- [Task details]
Output exactly, in the material below, the lines from the one with "Parlak lacivert, altın" through the one with "Brewer said about". Omit all pictures.

- [Record set]
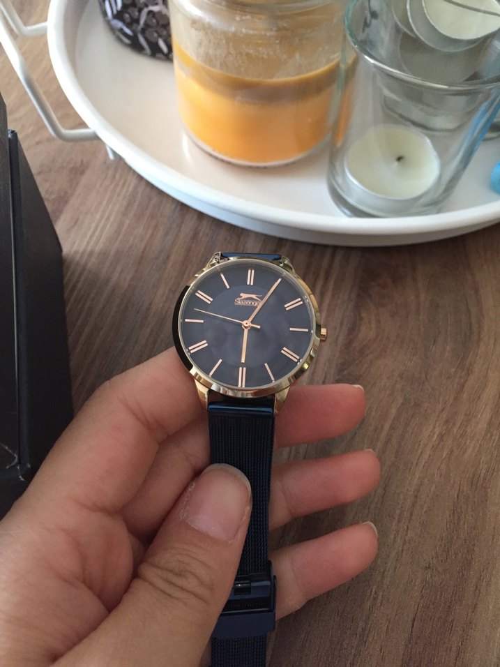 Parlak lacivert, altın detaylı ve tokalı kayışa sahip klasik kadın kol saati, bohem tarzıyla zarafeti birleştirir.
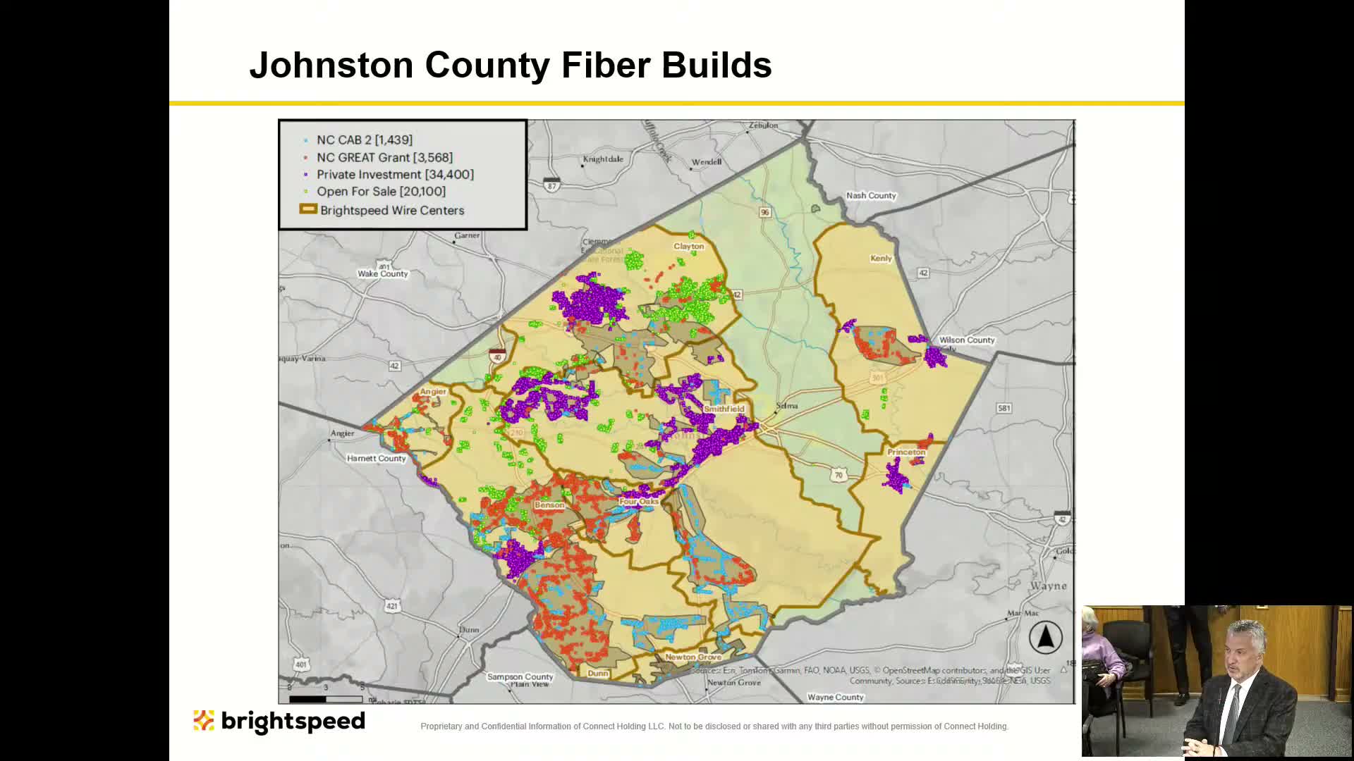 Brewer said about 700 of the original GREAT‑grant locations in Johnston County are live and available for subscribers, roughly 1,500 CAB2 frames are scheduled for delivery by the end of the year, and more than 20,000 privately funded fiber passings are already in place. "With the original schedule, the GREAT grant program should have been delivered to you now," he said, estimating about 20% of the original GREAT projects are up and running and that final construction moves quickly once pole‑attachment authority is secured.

---

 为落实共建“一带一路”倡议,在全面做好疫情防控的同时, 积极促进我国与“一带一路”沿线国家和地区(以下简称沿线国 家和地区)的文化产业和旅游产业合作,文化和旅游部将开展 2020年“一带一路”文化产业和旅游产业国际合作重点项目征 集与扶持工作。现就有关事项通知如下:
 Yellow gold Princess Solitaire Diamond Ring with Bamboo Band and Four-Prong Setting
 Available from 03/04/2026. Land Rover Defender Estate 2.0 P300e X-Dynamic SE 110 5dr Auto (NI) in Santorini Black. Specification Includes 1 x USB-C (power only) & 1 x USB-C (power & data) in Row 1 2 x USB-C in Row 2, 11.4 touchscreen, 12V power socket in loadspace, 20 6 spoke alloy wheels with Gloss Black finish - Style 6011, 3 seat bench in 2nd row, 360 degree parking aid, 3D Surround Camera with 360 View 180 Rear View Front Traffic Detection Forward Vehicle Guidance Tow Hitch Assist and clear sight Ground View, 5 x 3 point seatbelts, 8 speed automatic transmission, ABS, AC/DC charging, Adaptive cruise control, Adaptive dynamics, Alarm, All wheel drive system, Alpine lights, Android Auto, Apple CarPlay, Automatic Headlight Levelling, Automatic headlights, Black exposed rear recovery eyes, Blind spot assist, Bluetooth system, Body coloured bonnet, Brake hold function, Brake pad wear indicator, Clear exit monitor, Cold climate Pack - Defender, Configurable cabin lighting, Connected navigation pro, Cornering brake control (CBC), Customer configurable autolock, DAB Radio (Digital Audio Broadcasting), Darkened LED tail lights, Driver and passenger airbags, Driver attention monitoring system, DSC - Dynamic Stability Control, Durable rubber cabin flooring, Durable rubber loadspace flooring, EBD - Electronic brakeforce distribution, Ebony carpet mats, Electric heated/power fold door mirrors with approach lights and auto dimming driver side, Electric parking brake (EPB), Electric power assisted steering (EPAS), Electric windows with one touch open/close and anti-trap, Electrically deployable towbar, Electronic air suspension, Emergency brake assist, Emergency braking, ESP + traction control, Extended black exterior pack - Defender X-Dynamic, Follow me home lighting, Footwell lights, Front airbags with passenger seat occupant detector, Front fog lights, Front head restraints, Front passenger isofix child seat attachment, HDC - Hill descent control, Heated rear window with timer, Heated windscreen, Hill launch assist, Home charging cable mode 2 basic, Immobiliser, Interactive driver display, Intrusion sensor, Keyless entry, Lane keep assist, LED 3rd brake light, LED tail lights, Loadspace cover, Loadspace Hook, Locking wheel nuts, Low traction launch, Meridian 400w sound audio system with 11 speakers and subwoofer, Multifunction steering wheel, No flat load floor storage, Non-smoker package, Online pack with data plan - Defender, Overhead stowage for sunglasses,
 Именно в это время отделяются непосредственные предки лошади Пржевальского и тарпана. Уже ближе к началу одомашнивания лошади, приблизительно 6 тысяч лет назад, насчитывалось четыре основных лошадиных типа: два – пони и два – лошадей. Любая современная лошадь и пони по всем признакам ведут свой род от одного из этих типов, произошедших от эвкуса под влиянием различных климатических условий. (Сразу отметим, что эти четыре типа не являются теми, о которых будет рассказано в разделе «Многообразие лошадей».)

- [Result of this exercise]
 Parlak lacivert, altın detaylı ve tokalı kayışa sahip klasik kadın kol saati, bohem tarzıyla zarafeti birleştirir.
 Brewer said about 700 of the original GREAT‑grant locations in Johnston County are live and available for subscribers, roughly 1,500 CAB2 frames are scheduled for delivery by the end of the year, and more than 20,000 privately funded fiber passings are already in place. "With the original schedule, the GREAT grant program should have been delivered to you now," he said, estimating about 20% of the original GREAT projects are up and running and that final construction moves quickly once pole‑attachment authority is secured.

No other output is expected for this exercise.